LONDON — Keir Starmer is expected to ignore calls — including from his likely successor as prime minister — for the U.K. to sign up to a multilateral defense bank championed by Canadian Prime Minister Mark Carney at next month’s NATO summit.
Two allies of Andy Burnham, who will take over as the new British prime minister mid-July barring an upset, said he and his advisers supported the idea of the Defense, Security and Resilience Bank (DSRB) and saw the Ankara meeting as the best chance to get it signed.
The U.K. government has been locked in a desperate hunt for cash to boost the armed forces, while Starmer is still pushing to finish the long-delayed Defence Investment Plan before he leaves office.
Burnham will face similar spending difficulties if he enters Downing Street, and has already acknowledged the need to cut other departmental funding to plug gaps. He and his team see DSRB as a worthwhile way to help inject more money into rearmament, according to the same two allies.

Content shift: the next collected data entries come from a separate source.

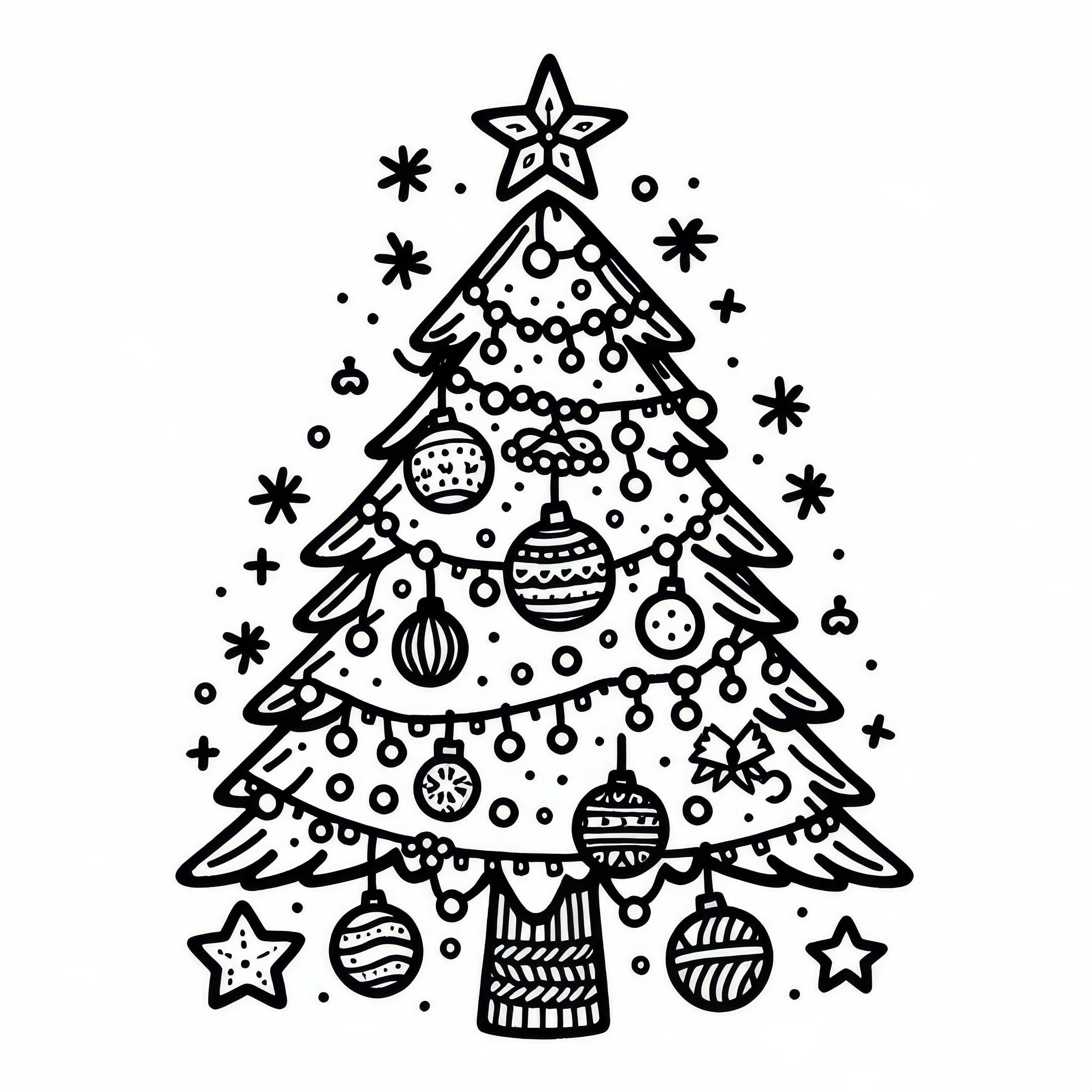 24 грудня: Святой Миколай з мішком подарунків перед прикрашеною ялинкою – малюнок для розмальовки на адвент-календарі
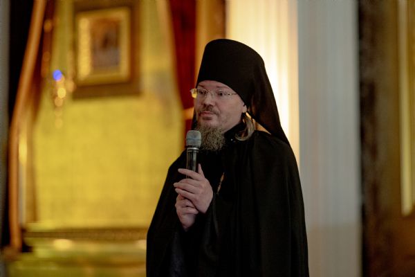 По окончании повечерия со словом к верующим обратился насельник монастыря иеромонах Гермоген (Рубан).
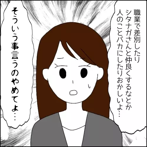 そして、ニノマエさん、とうとうやりました!今までグッと反論を飲み込んできましたが、家族をバカにされたとあってはもう見過ごせません。「職業で差別したり、シタナガさんと仲良くするなとか、人のことバカにしたりおかしいよ…そういう事言うのやめてよ…」と反撃!!!
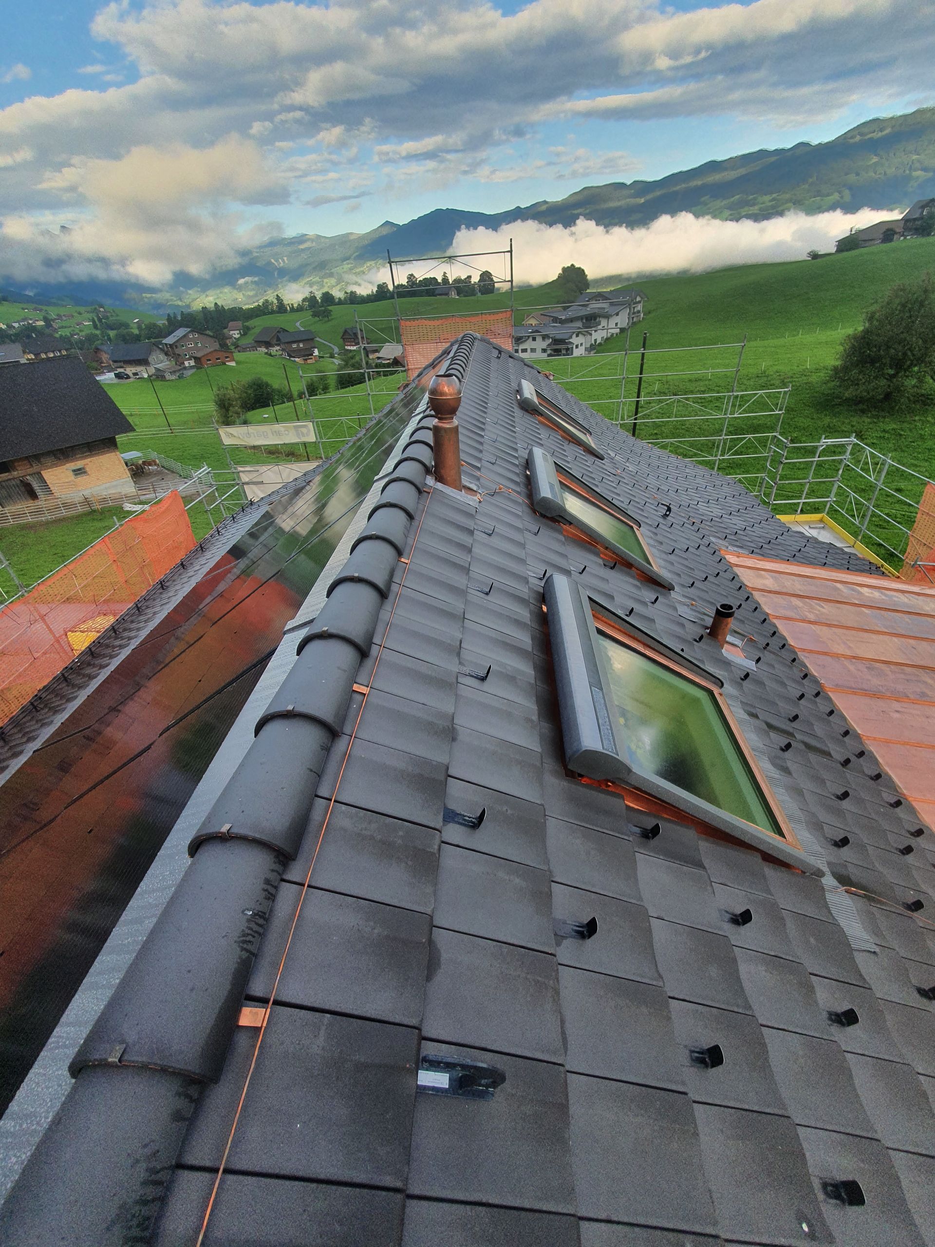 Wir verlegen Ziegel, Eternit, Bleche und Naturschiefer mit höchster Sorgfalt. Unsere erfahrenen Dachdecker und Spengler ermöglichen eine schnelle Renovation alter Dächer, ohne dass Sie sich um Terminabsprachen zwischen verschiedenen Unternehmen kümmern müssen. Anspruchsvolle Dachdeckerarbeit erfordert qualifiziertes Fachpersonal – und genau das bieten wir Ihnen.
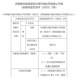中国经济网北京4月3日讯 银保监会网站今日公布的河南银保监局安阳分局行政处罚信息公开表(安银保监罚决字〔2023〕2号、3号)显示,中原银行股份有限公司安阳铁一路支行(原洛阳银行股份有限公司安阳分行)贷款“三查”不到位;未经任职资格核准实际履行高管职责。
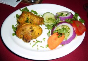 I gave the friendly waitress our vouchers on arrival and she confirmed that with our two vouchers we could choose any four entrees and mains off the menus, then we just needed to order any rice or breads separately. We were very appreciative of the bottle of water brought to our table and on request were bought some wine glasses – another plus – BYO wine and beer! So we were all tasked with choosing an entrée and a main with a very to sharing them all. It was quite an extensive menu and split into vegetarian and non-vegetarian which made things easier and a helpful description of each item was provided. So we nibbled on the pappadums we’d been given and had a flick through the menu.
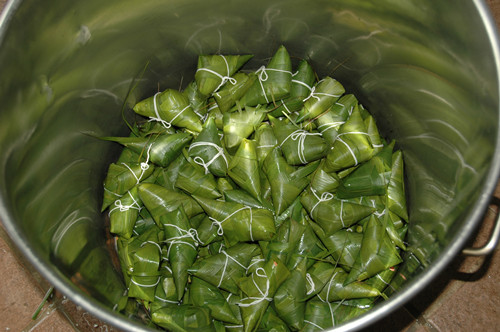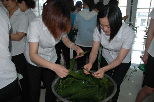 挑選3-4張?zhí)J葦葉交錯(cuò)疊開,將葉子圍成圓錐狀,放進(jìn)大米花生,包蓋圓錐口,用手攥出棱角,再拿一張粽葉包裹住露出的口子,用繩子扎緊,一個(gè)粽子就完成了?戳藥状位菊莆詹襟E,大家也躍躍欲試,可實(shí)踐往往沒有想象的那么簡(jiǎn)單,米裝得太松裹不緊,米裝得太多或者壓得太緊又容易把粽葉弄破,好不容易把粽葉包好了,最后封口又是一道難關(guān),捆綁時(shí)手稍微一松粽子就散開了!叭绻衲暝賹W(xué)不會(huì)又要等下次活動(dòng)啦,這次一定要成功!”有些員工已不是第一次參加,或許她們包的并不好,但她們那股認(rèn)真、執(zhí)著的勁頭值得贊揚(yáng)。隨著大家的“埋頭苦干”,粽葉漸漸減少,桶里滿滿地堆起大家的“心意”。
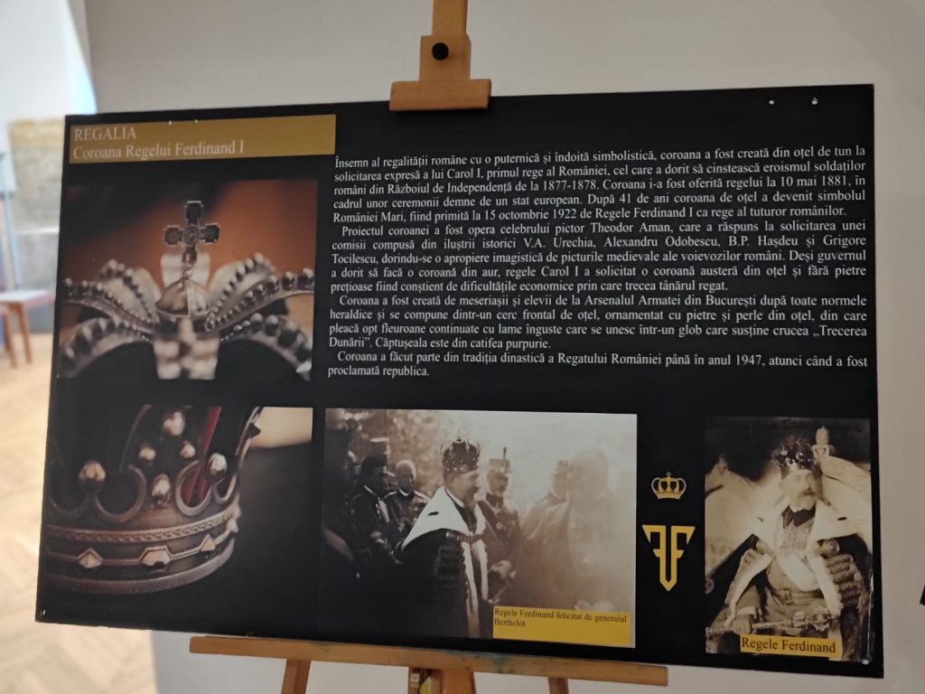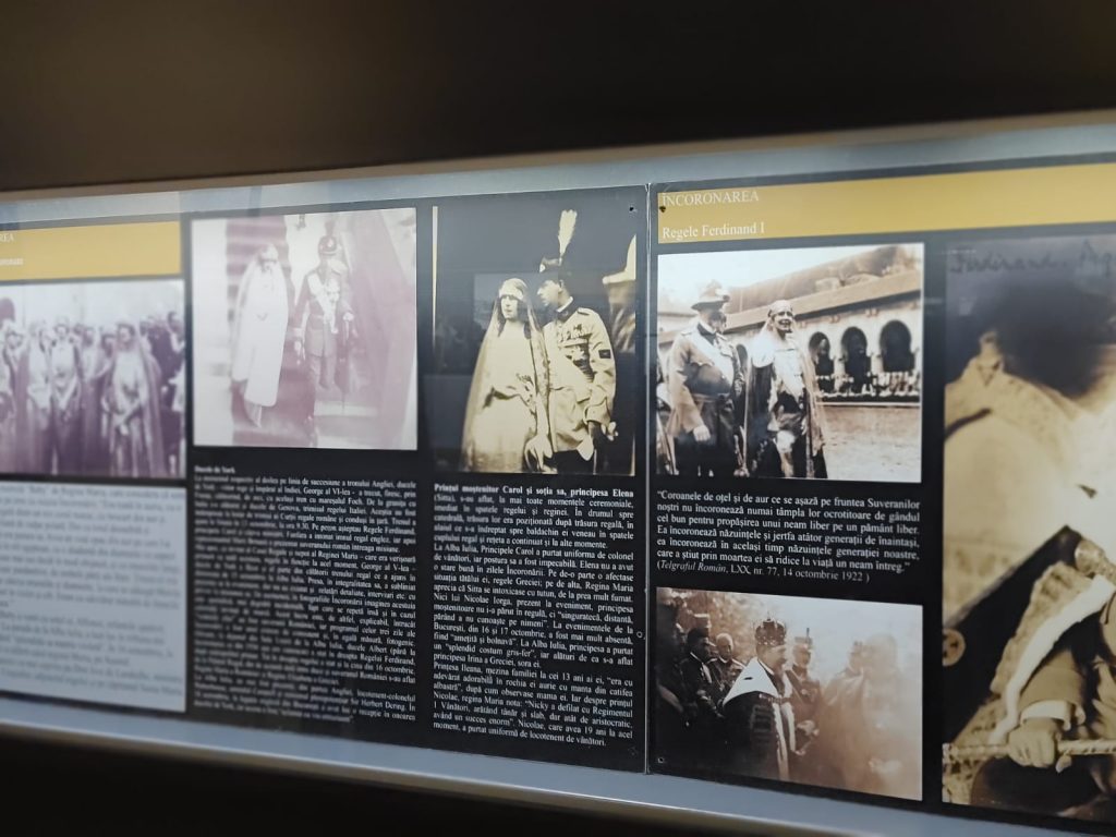 Cu ocazia zilei de 1 decembrie avem pregătită pentru vizitatorii sigheteni o expoziție dedicată încoronării Regelui Ferdinand și Reginei Maria încoronați la Alba Iulia în 15 octombrie 1922. Expoziția este realizată de Muzeul Unirii din Alba Iulia, instituție cu care avem o colaborare deosebită. Într-adevăr, ei au realizat expoziția asta anul trecut. La noi a venit cu un an întârziere, dar considerăm că este extrem de interesantă pentru pentru publicul sighetean. Expoziția constă în 24 de panouri, text și fotografii, prezentând povestea acelei zile, felul în care a fost organizată încoronarea, cum a fost construită Catedrala Regalia celor celor doi suverani, coroanele, ș.a.m.d. Invităm sighetenii să descopere această expoziție.

However, Starmer and Chancellor Rachel Reeves have long been cool on the idea and have so far resisted overtures from Ottawa to join when the bank is founded at the NATO gathering.
Gordon Brown, the former prime minister who Starmer has brought back as his global finance envoy, has been in discussions with Carney, but the Treasury now appears to be focused on merging the DSRB with the U.K.’s Multilateral Defence Mechanism with Finland and the Netherlands.
Reeves told the Commons this week: “We are … working closely with Canada on how we can bring the MDM and DSRB together so we can have one model that helps us better fund defense in our country and across Europe.”
Supporters of the bank say such a merger would delay it beyond the Ankara summit.
One MP familiar with the discussions said, “these things are working on completely different timescales,” and that DSRB is “ready to go,” whereas “there is no detail on MDM at all, so it’s impossible to talk about merging without stalling DSRB.”
An official from one of the U.K.’s partner countries in MDM said it was “very much still in the early stages.”
Meanwhile, a defense industry representative said that No.10 was “wholly focused” on delivering the DIP and inclined to leave new defense financing initiatives to Burnham.
A spokesperson for the Treasury said the department would not comment on hypotheticals, while Downing Street declined to comment.